Would you retype the whole listing verbatim, keeping pictures out of it?

───

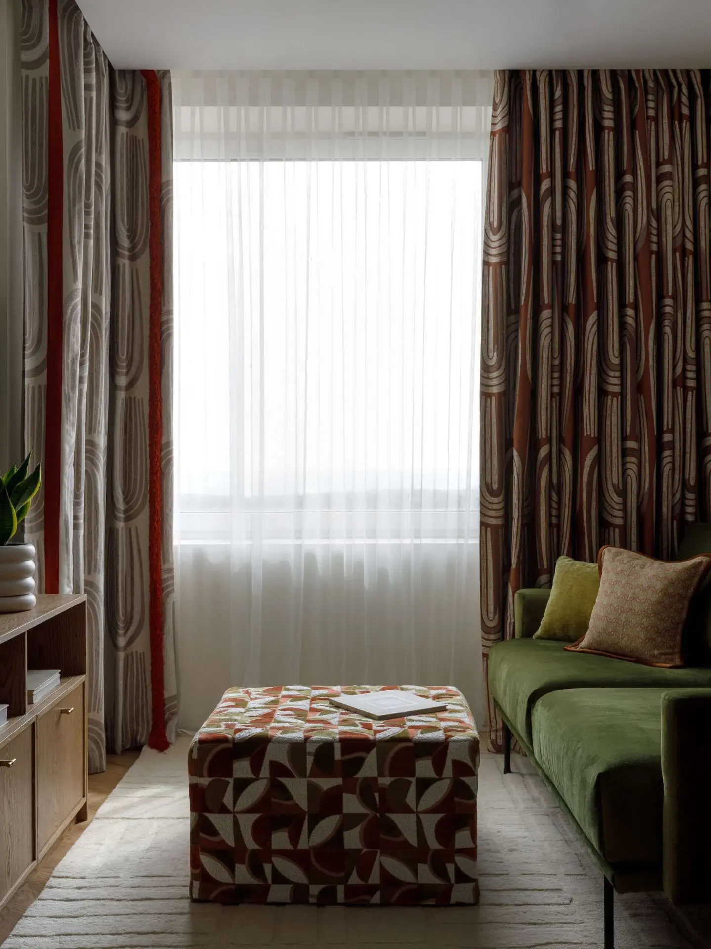 Этот интерьер дизайнер Настасья Стрижова создала для своей клиентки Сафины — человека с яркой и удивительной энергетикой. По профессии Сафина — стилист одежды, профессионально занимается диджеингом, а также увлекается боксом, путешествиями и искусством. Интерьер для нее разрабатывался с особым вниманием к личности, интересам и активному ритму жизни хозяйки. В доме вместе с Сафиной живет ее дочь и кошка.
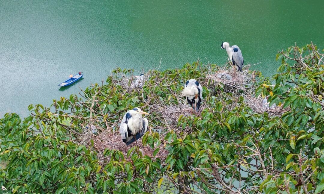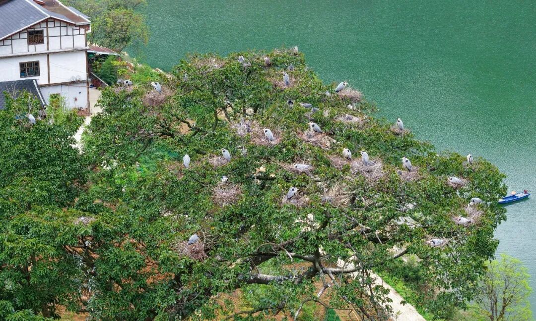 春日的风水镇坪子村圆满贯库区,碧波荡漾、岸线葱郁。成群的苍鹭栖息在一棵有着150多年树龄的黄葛树上,雏鸟在巢中叽叽喳喳,成鸟往返觅食,为静谧的河畔增添了无限生机。
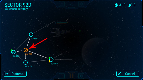 1、在星际地图中,点击橙色标记的区域可前往执行任务,需关注任务类型和自身飞船的准备状态,确保任务执行。
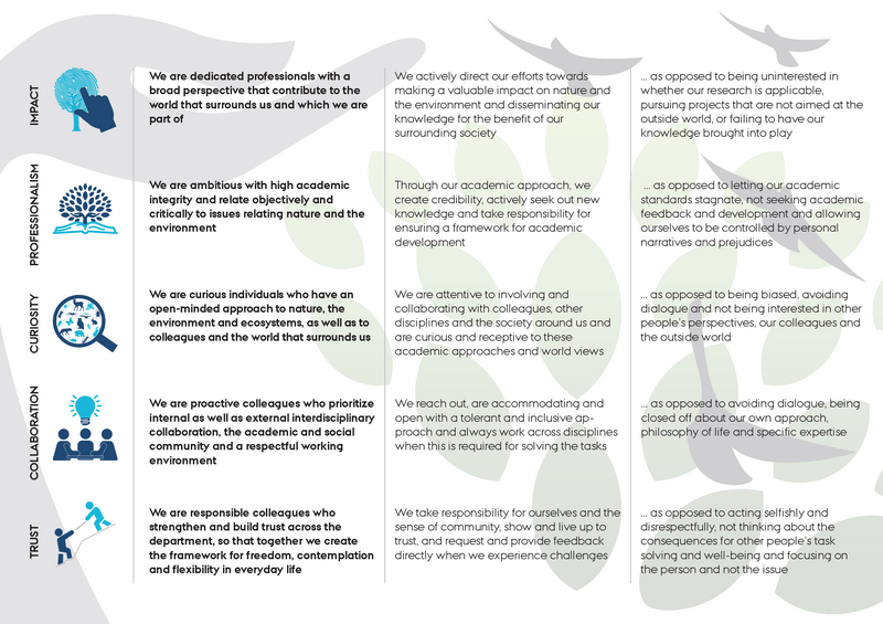 The Department of Ecoscience makes a valuable impact on nature and the environment through high academic standards, professionalism and curiosity, based on cooperation and trust . Our values are:
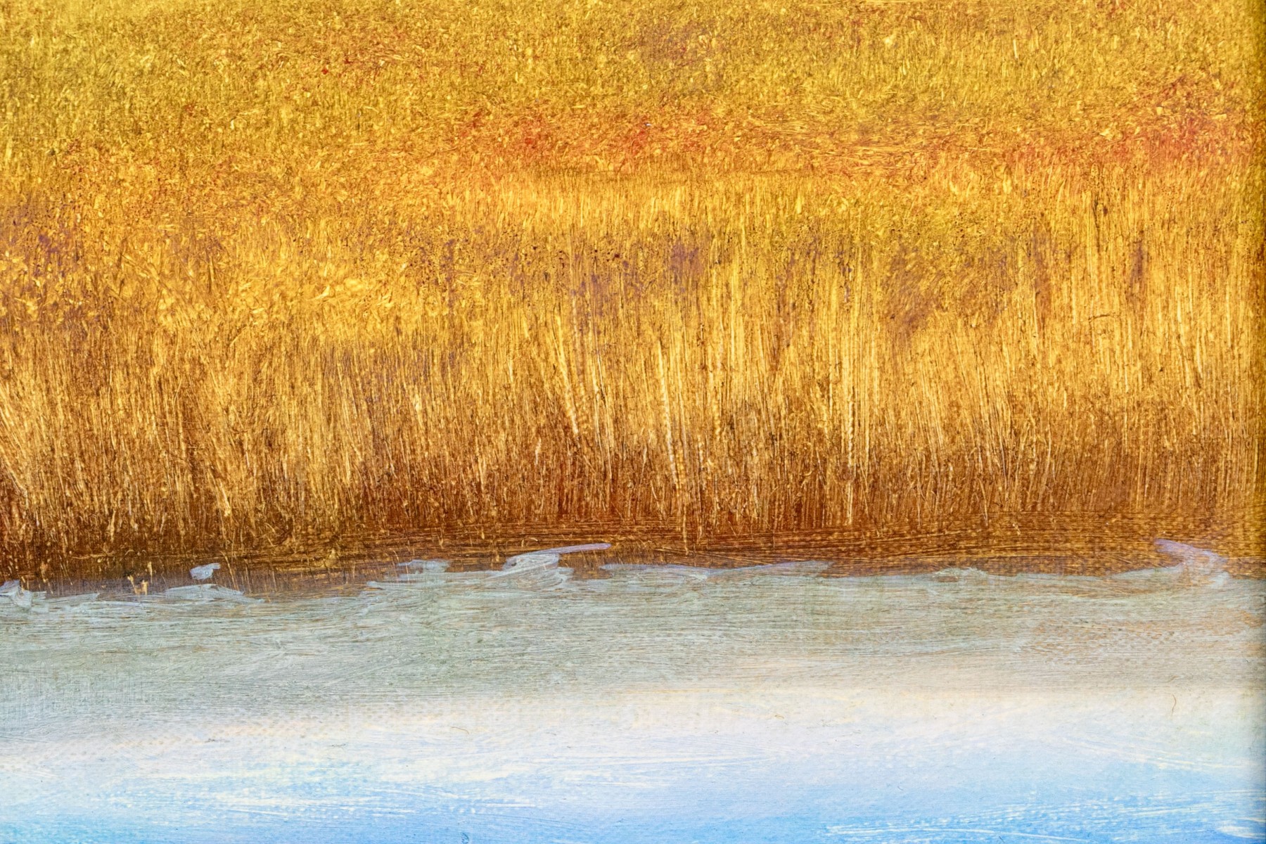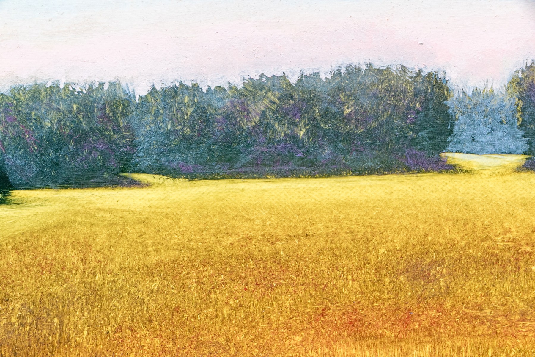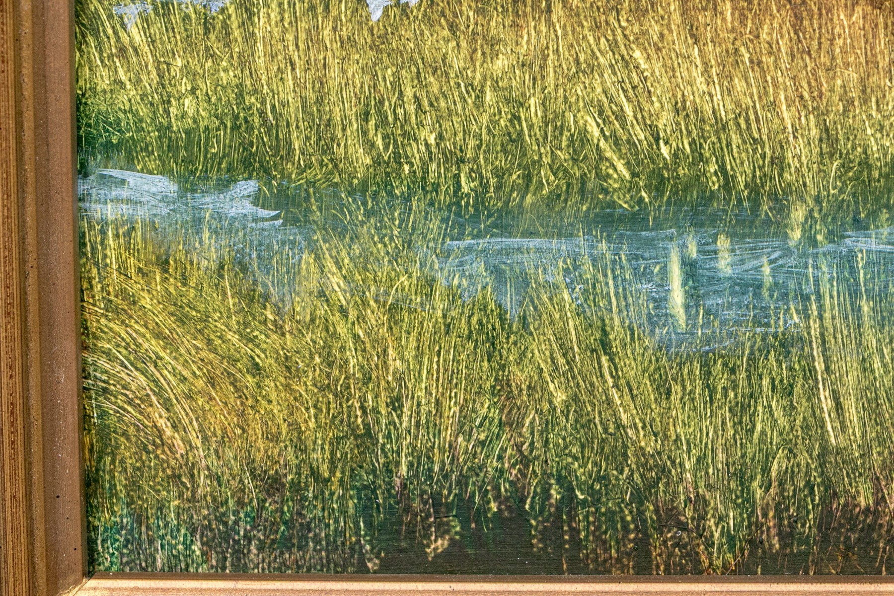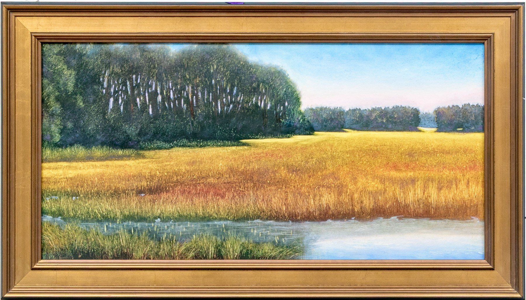 Unsigned. A bucolic landscape with a golden field on the edge of a river marsh beyond the lush green forest. Presented in a gilt frame.

───

Solution to the exercise
 Этот интерьер дизайнер Настасья Стрижова создала для своей клиентки Сафины — человека с яркой и удивительной энергетикой. По профессии Сафина — стилист одежды, профессионально занимается диджеингом, а также увлекается боксом, путешествиями и искусством. Интерьер для нее разрабатывался с особым вниманием к личности, интересам и активному ритму жизни хозяйки. В доме вместе с Сафиной живет ее дочь и кошка.
 春日的风水镇坪子村圆满贯库区,碧波荡漾、岸线葱郁。成群的苍鹭栖息在一棵有着150多年树龄的黄葛树上,雏鸟在巢中叽叽喳喳,成鸟往返觅食,为静谧的河畔增添了无限生机。
 1、在星际地图中,点击橙色标记的区域可前往执行任务,需关注任务类型和自身飞船的准备状态,确保任务执行。
 The Department of Ecoscience makes a valuable impact on nature and the environment through high academic standards, professionalism and curiosity, based on cooperation and trust . Our values are:
 Unsigned. A bucolic landscape with a golden field on the edge of a river marsh beyond the lush green forest. Presented in a gilt frame.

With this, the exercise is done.